>
When Facebook acquired it, Instagram was a photo sharing app that had 13 employees.And growing quickly, so:
> In his opening remarks, Mr. Matheson mentioned documents, including what he described as a “smoking gun” February 2012 email in which Mr. Zuckerberg discussed the rise of Instagram and the importance of “neutralizing a potential competitor.” In another email, in November 2012 to Ms. Sandberg, the chief operating officer at the time, Mr. Zuckerberg wrote, “Messenger isn’t beating WhatsApp, Instagram was growing so much faster than us that we had to buy them for $1 billion.”
> The F.T.C. showed Mr. Zuckerberg a 2011 email in which he wrote, “We really need to get our act together quickly on this since Instagram is growing so fast.”
* https://archive.is/https://www.nytimes.com/2025/04/14/techno...

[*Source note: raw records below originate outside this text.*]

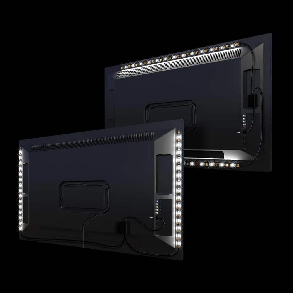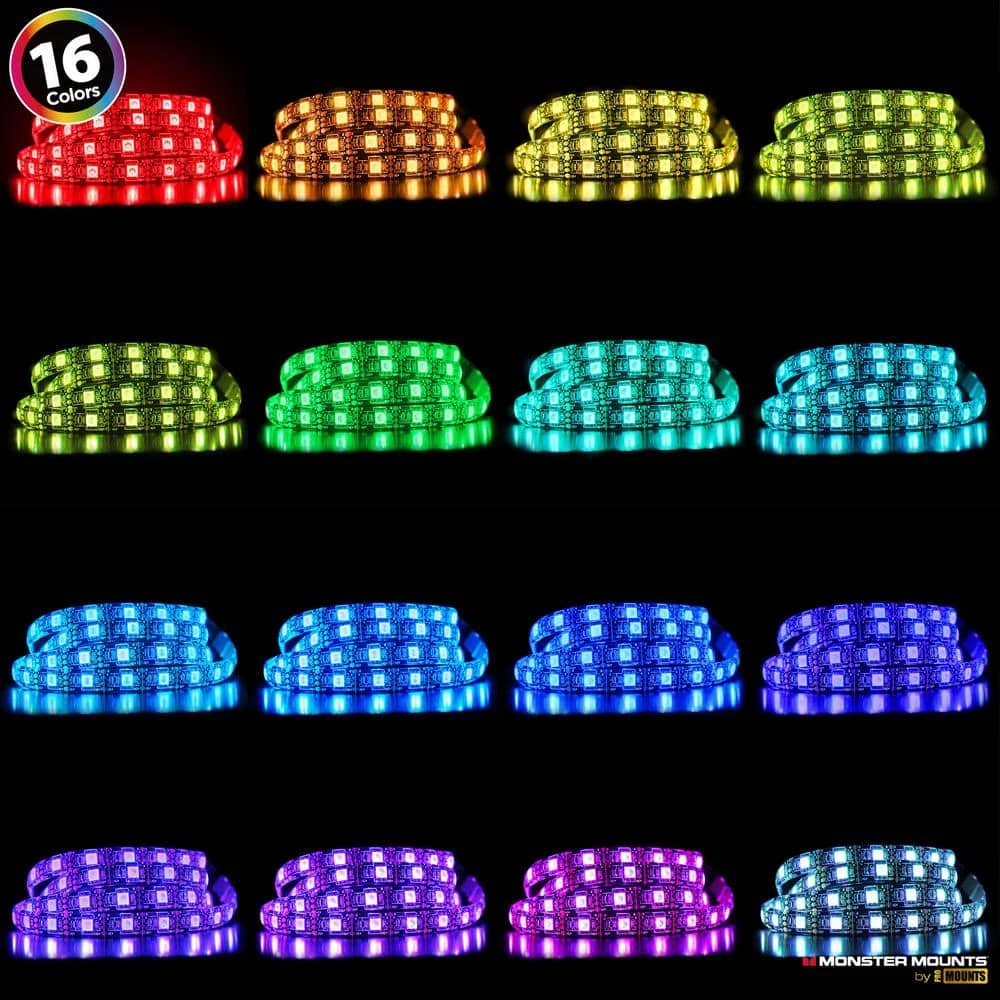 Give your TV an edge and reduce eye strain with the MTB02 LED TV Backlight Kit from Monster Mounts. The MTB02 is a LED backlight kit that attaches to the back of your TV. The MTB02 works with both freestanding and mounted TVs and can be plugged into the back of your TV directly via a USB port. This allows for the lights to be turned on and off with your TV. The MTB02 has 16 color options and 4 dynamic themes, allowing you to express yourself, all while helping reduce eye strain when in dim lighting situations. Included in the box is an easy to understand user manual with images that demonstrate every step needed.
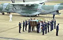 The political crisis of the Vargas administration deepened after one of his bodyguards was involved in an assassination attempt against UDN leader Carlos Lacerda on 5 August 1954.[58] Vargas was put under pressure by the media, which demanded his resignation.[59] On the early morning of 24 August 1954, Vargas called Goulart to Catete Palace and handed him a document to be read only after he arrived back in Rio Grande do Sul. It was his suicide letter Carta Testamento.[60][61]
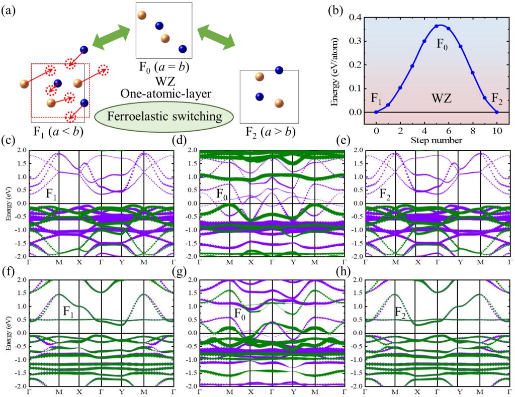 图1:WZ相单层CrSb(110)面的(a)铁电翻转和(b)势垒,(c-e)铁磁和(f-h)反铁磁构型下自旋分辨Cr贡献的能带。
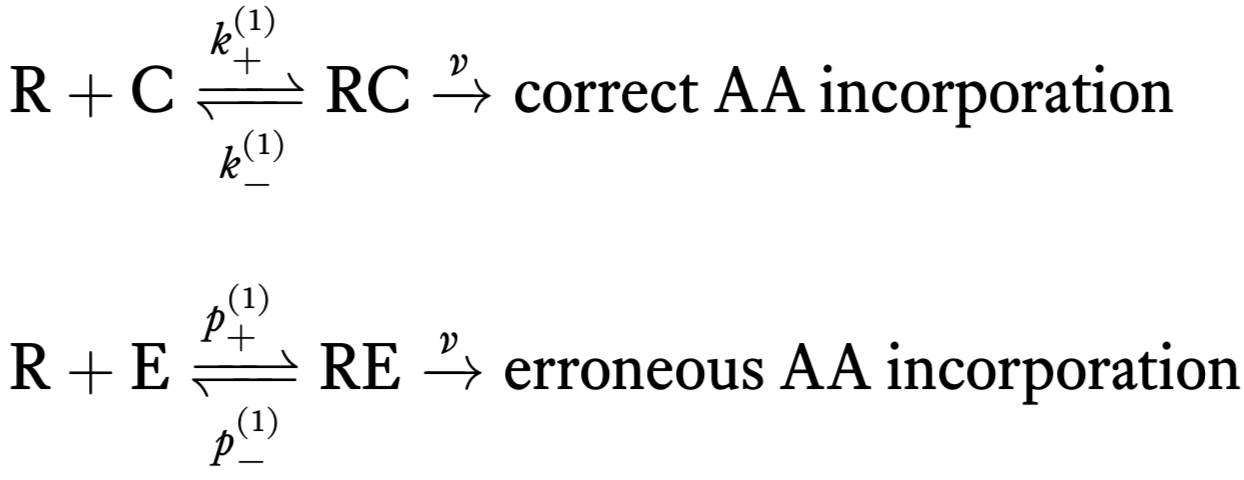 Experimentally, it is known that there are intermediate steps in translation. In 1974, John Hopfield’s big insight was that these steps require energy (e.g., GTP hydrolysis involving the elongation factor EF-Tu), and can therefore serve to decrease the error rate since the energy serves to overcome the limit set by thermodynamics ((Hopfield 1974)). These hydrolysis events can cause a conformational change in the tRNA-codon complex that allow elongation and also for dissociation of tRNA from the codon. For this scheme, the chemical reactions are
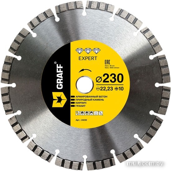 | Информация | Профессиональный алмазный отрезной диск 230x10x2,6х22,23 мм по армированному бетону и камню GRAFF серия "Expert". Сегменты высотой 10 мм прикреплены к телу диска посредством лазерной пайки, что обеспечивает надежное и долговечное соединение для еще большего срока службы диска. Для более долгого срока службы данный диск рекомендуется применять с применением охлаждающей жидкости, но и сухая резка тоже допустима с максимальной скоростью вращения 6600 об/мин. Толщина реза 2,6 мм. Данный диск имеет посадку 22,23 мм и предназначен для использования на УШМ. |
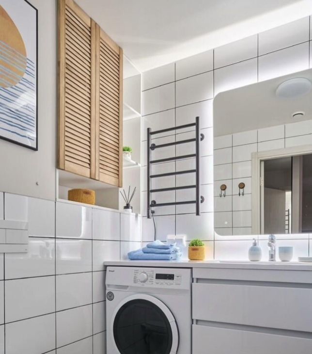 Имеется кондиционер, стиральная машинка, посудомойка, микроволновая печь, варочная панель, телевизор и духовка.

> It’s a combination of neutralizing a competitor and improving Facebook, Zuckerberg said in a reply. “There are network effects around social products and a finite number of different social mechanics to invent. Once someone wins at a specific mechanic, it’s difficult for others to supplant them without doing something different.”
> Zuckerberg continued: “One way of looking at this is that what we’re really buying is time. Even if some new competitors springs up, buying Instagram, Path, Foursquare, etc now will give us a year or more to integrate their dynamics before anyone can get close to their scale again. Within that time, if we incorporate the social mechanics they were using, those new products won’t get much traction since we’ll already have their mechanics deployed at scale.”
> Forty-five minutes later, Zuckerberg sent a carefully worded clarification to his earlier, looser remarks.
> “I didn’t mean to imply that we’d be buying them to prevent them from competing with us in any way,” he wrote.